In other words, I have Buy these comic books, when they are soldinstead of waiting for a transaction to buy or borrow from the library, since in both cases they don’t seem to be collected (the former is an 80-page tome that is actually already a trade, has a spine and the latter is A simple 20 page gag strip, apparently designed so that the author (an Archie fan) could add Archie comics to his bibliography). (Compare these to IDW Publishing’s two one-off specials, and I’m pretty excited, Ninja Turtles 40th Anniversary Comic Collection and Godzilla’s 70th Anniversaryboth of which had deluxe editions listed for solicitation on Amazon even before comic stores released the direct-sale books).

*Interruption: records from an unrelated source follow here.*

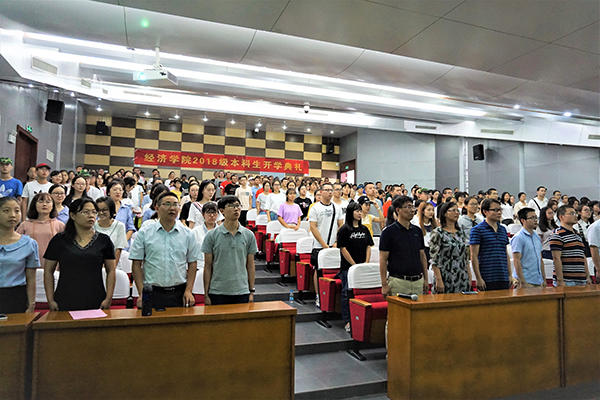8月25日下午14:00,必赢优惠y272net2018级本科生开学典礼暨专业介绍会在翡翠湖校区建艺馆负一楼报告厅隆重举行。学院党政主要负责人、各系教师代表、辅导员老师以及230余名新生参加了开学典礼。
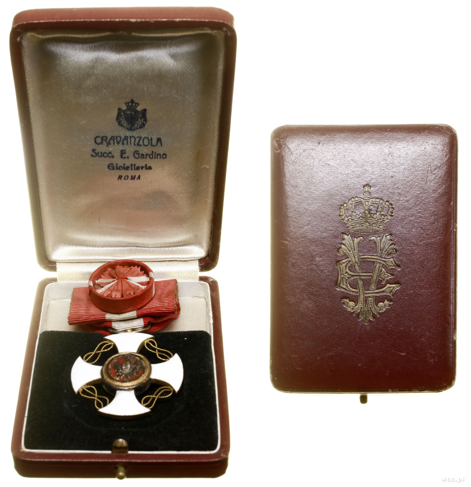 | Opis: | Włochy, Order Korony Włoch – Krzyż Oficerski, Rzym, Krzyż Ruperta, w kątach tzw. sabaudzkie węzły miłości, w medalionie korona, na stronie odwrotnej w medalionie orzeł z tarczą z krzyżem na piersi, odznaczenie , brąz, emalia, 36.1 x 39.2 mm, 14.97 g (ze wstążką), dodatkowo oryginalne pudełko |
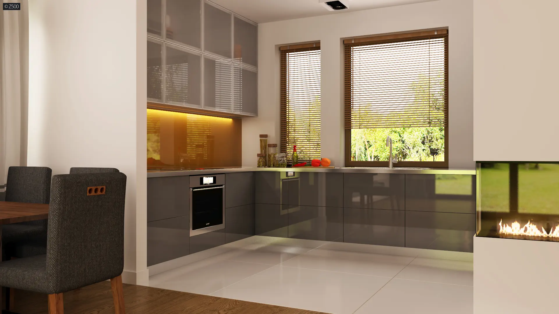 Wygodny dom parterowy z wykuszem w salonie, dachem dwuspadowym i 3 sypialniami
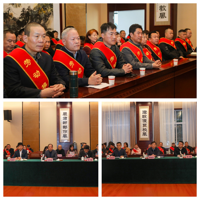 市总工会党组副书记、常务副主席王雷,副主席王向平,经济技术劳动保护部部长、一级调研员许丽,办公室主任秦小明,今年会副校长刘明利及党政办、组织部等8个职能部门负责人出席。校长陈刚主持仪式。

Should comics publishers do this more often? I mean, personally, I hope they don’t (see the point about me not wanting to buy more new comic books to add to my already too-large collection), but I think it’s worth watching if publishing One way dealers can sell more comics worth paying attention to Publishing comic books instead of comic collection…At least occasionally, anyway.
As for my thoughts on these comics, I will be reviewing one of them in my next monthly review column on the 6th of this month, and the other may appear in Good comics for kids in the near future. Can you guess which is which?